The O(n) Club: Beautiful Arrangement — Why Backtracking Is Actually Beautiful (Sorry, Not Sorry)
⚡ TL;DR
Count permutations of 1 to n where, at each 1-based seat, the number sitting there must divide or be divisible by its seat position. Brute-force is O(n!) — great if you miss hearing your laptop fan. So, we backtrack with style.
// Brute-force (warning: your CPU will hate you) int count = 0; for (List<Integer> perm : allPermutations(1..n)) { boolean beautiful = true; for (int i = 1; i <= n; i++) { int num = perm.get(i - 1); if (num % i != 0 && i % num != 0) { beautiful = false; break; } } if (beautiful) count++; } // Don't. Just don't.
🧠 How Devs Usually Mess This Up
Some devs treat 1-based positions like an urban legend and go 0-based instead — instant facepalm. Others try generating all n! permutations and filtering for the condition, which, for n=12, will leave you enough time to write your memoir. Some even check only one divisibility direction (perm[i] divides i), missing half the beautiful world. Result: bugs, timeouts, existential dread.
🔍 What’s Actually Going On
This is seating arrangement with rules: guests (numbers) only sit in chairs (positions) where someone divides someone. Don’t waste time inviting every guest to every chair. For each position, precompute who’s allowed, then place them recursively, only using those who aren’t already at the table. Think speed dating, but everyone has to swap seat numbers and compare their divisibility credentials before committing.

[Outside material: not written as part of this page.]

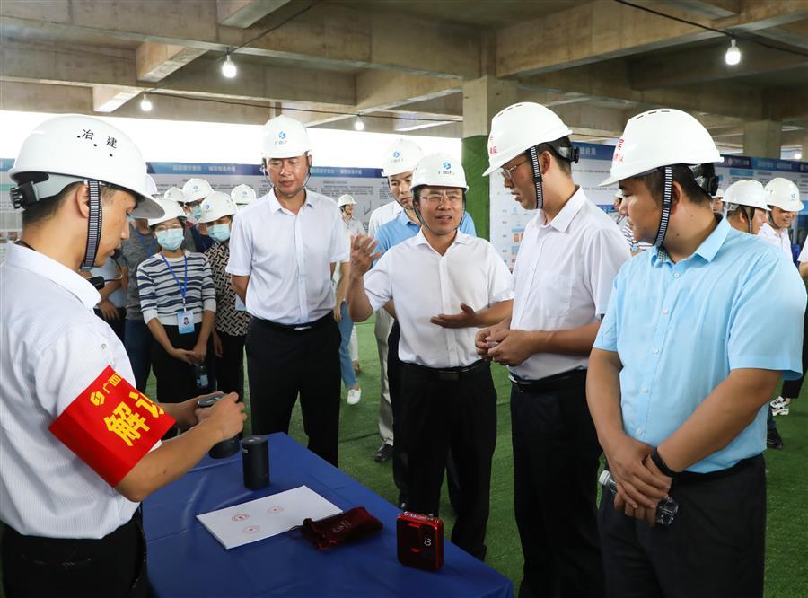 活動中,龍杏華首先表示,此次觀摩會是來賓市近年來舉辦過水平最高的一次觀摩會,感謝廣西建工冶建公司以及現(xiàn)場管理人員的努力付出,大家秉承工匠精神建設出了工程質量優(yōu)、安全文明標準高的示范項目。隨后,龍杏華還宣講了習近平總書記關于安全生產(chǎn)的重要論述,并對下一步工作提出三點要求。一是高度重視,強化學習,提高安全生產(chǎn)理論基礎。全市住建系統(tǒng)、各建筑企業(yè)要扎實開展安全生產(chǎn)警示教育學習和典型事故案例警示宣講活動,督促行業(yè)從業(yè)人員深刻汲取事故教訓,提高安全防范意識、風險辨識能力和應急處置能力,督促企業(yè)相關責任人強化安全生產(chǎn)紅線意識和底線意識,確保安全生產(chǎn)。二是深刻吸取事故教訓,全面做好建筑施工安全生產(chǎn)工作。要強化建筑施工預防坍塌、防墜落事故專項檢查;強化企業(yè)安全生產(chǎn)主體責任落實;強化建設工程行業(yè)主管部門監(jiān)管責任落實;強化對建筑施工事故依法嚴肅查處;強化安全生產(chǎn)和文明施工宣傳教育培訓;切實做好汛期和夏季消防安全工作。三是繼續(xù)推進“一金七制”,全面做好建筑領域治欠保支各項工作。要繼續(xù)推進“桂建通”平臺應用;全面梳理排查,健全完善在建工程項目臺賬;要健全根治機制,加強部門協(xié)同配合。

- Your guests: numbers 1..n. Your seats: positions 1..n.
- Precompute who’s even eligible for each seat, to speed things up.
- Use backtracking: try a guest, mark them as present, recurse to the next seat. If it fizzles out, backtrack — and keep the existential crisis to a minimum.
🛠️ PseudoCode
- Precompute valid numbers for each seat:
List<List<Integer>> candidates = new ArrayList<>(); for (int seat = 1; seat <= n; seat++) { List<Integer> options = new ArrayList<>(); for (int guest = 1; guest <= n; guest++) { if (guest % seat == 0 || seat % guest == 0) options.add(guest); } candidates.add(options); } - Track who’s already sitting with a visited[] array. (Bitmask if you’re feeling spicy.)
- Backtracking magic:
void dfs(int seat, boolean[] visited) { if (seat > n) { count++; return; } for (int guest : candidates.get(seat - 1)) { if (!visited[guest]) { visited[guest] = true; dfs(seat + 1, visited); visited[guest] = false; } } }
💻 The Code
public class Solution {
private int count = 0;
public int countArrangement(int n) {
List<List<Integer>> candidates = new ArrayList<>();
for (int pos = 1; pos <= n; pos++) {
List<Integer> list = new ArrayList<>();
for (int num = 1; num <= n; num++) {
if (num % pos == 0 || pos % num == 0) list.add(num);
}
candidates.add(list);
}
boolean[] visited = new boolean[n + 1]; // 1-based, 0 is unused
dfs(1, candidates, visited, n);
return count;
}
private void dfs(int pos, List<List<Integer>> candidates, boolean[] visited, int n) {
if (pos > n) { count++; return; }
for (int num : candidates.get(pos - 1)) {
if (!visited[num]) {
visited[num] = true;
dfs(pos + 1, candidates, visited, n);
visited[num] = false;
}
}
}
}⚠️ Pitfalls, Traps & Runtime Smacks
- 1-based index (not 0-based!): If you mess this up, you’ll be debugging longer than you’ll be coding.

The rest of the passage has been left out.